Then the. Images are [00:26:00] dissimilar. And how does this apply to generative adversarial networks? So you have a combination of two networks. Where one is checking the output of the other one with those scores, or, probably some other scores as well. But basically the point here is you have the real image and you compare output of a network or of a model to this real image.

On different levels, on the feature level and on the image, property similarity level. So contrast luminescence, colors and all the stuff that you basically see, but don't even think you see. And these are what those scores are about. One more. That is pretty cool.

Masked Language Modeling Accuracy

Aleks: Is the masked language modeling accuracy.

So what's happening here? You're masking. This one is easy. You're masking words. Lemme show it to you. [00:27:00] Sorry. Nope. Does it work? Yes. We have an original sentence, right? Ah, nope, sorry. Original sentence, the scariest predator that humans can encounter in North America is the bear. Okay. And then we mask we cover some words and the new sentence is, as you can see on the screen, the scariest that humans can encounter in is the bear. Something scary in somewhere is the bear. And then AI model is supposed to fill in the blank. So obviously if the model says Mask one is predator and mask two. Is America, it did a good job.
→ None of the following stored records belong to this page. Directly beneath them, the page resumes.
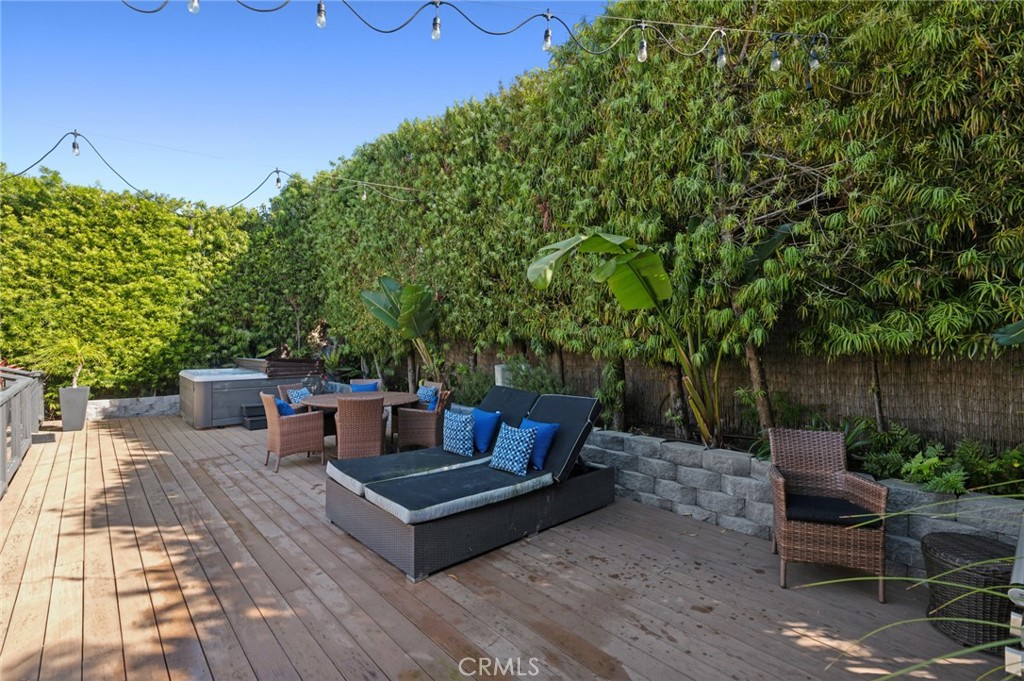 The modern chef’s kitchen is beautifully appointed with Thermador appliances and flows effortlessly into the main entertaining areas. A secondary living room/bonus space opens through French doors to a thoughtfully designed multi-level backyard retreat, highlighted by a Brazilian wood deck and framed by mature privacy hedging. This inviting outdoor setting is ideal for sun-filled afternoons, al fresco dining, or relaxing in the spa under the stars.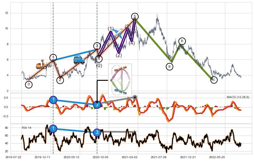 ➣ 第一, 三, 五浪上涨动能逐渐【增强变大】,趋势不断加固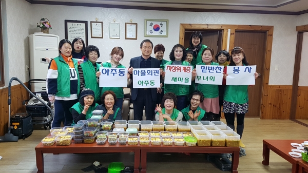 최석호 아주동장은 “날씨가 추워지는 연말에 어려운 이웃들을 위해 정성껏 반찬나눔 봉사를 해주신 새마을부녀회 회원분들께 감사드리며, 나눔문화 정착과 지역공동체 의식 확산을 위해 지속적으로 노력하겠다”고 말했다.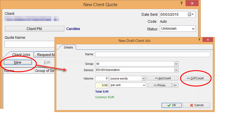 I use TO3000 as my program of choice for creating quotes. The CATCount and quote options are just two of the many features of this comprehensive project management and invoicing package for freelance translators. With TO3000 I can create a quote, turn it into a scheduled job and send an invoice in just a few clicks.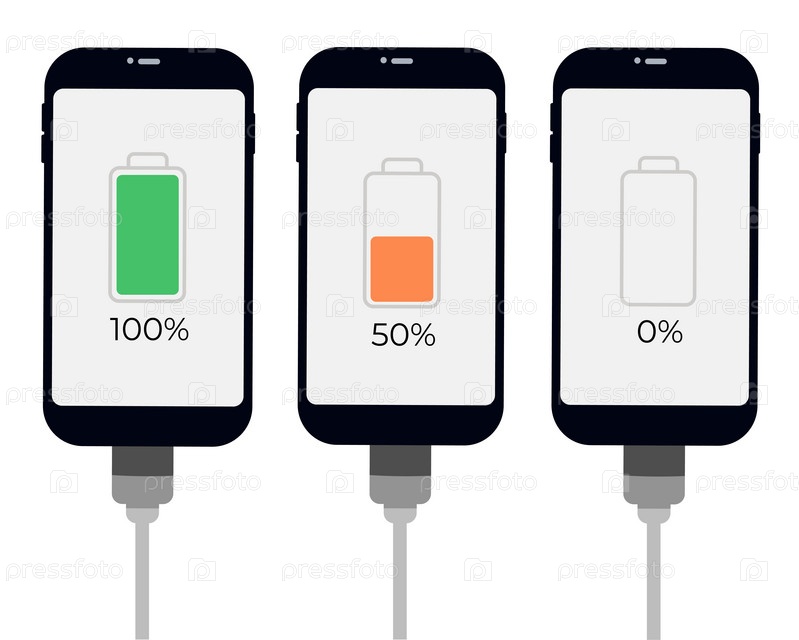 Набор смартфонов с индикатором уровня зарядки батареи и подключением USB.Векторная инфографика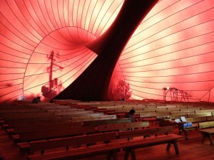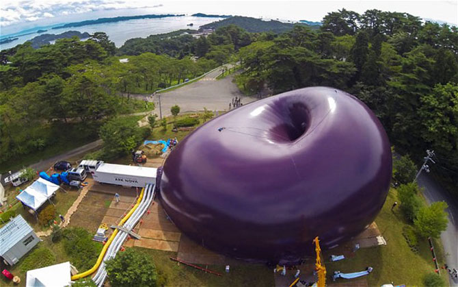 El escultor británico Anish Kapoor y el arquitecto japonés Arata Isozaki crearon la llamada "Ark Nova", una estructura neumática fabricada de un material recubierto de poliéster que se ha erigido en un parque en la ciudad de Matsushima, prefectura de Miyagi.

Whereas if it says herbivore and Antarctica, it didn't do a good job.

That's a cool one too, as well. But what you see here is that these [00:28:00] metrics are totally different from what we were used to from the classical computer vision and. If you're just joining, let me know where you're tuning in from. Thank you so much for all the, oh. Oh, I see again, general Eisenhower answer, world Wari.

Yes. So for those who joined later I had my naturalization interview yesterday to becoming a US citizen, and that was one of the questions in which world. In which war was General Eisenhower, a general before he became a president, and the correct answer comes from Thomas it was the World War Second.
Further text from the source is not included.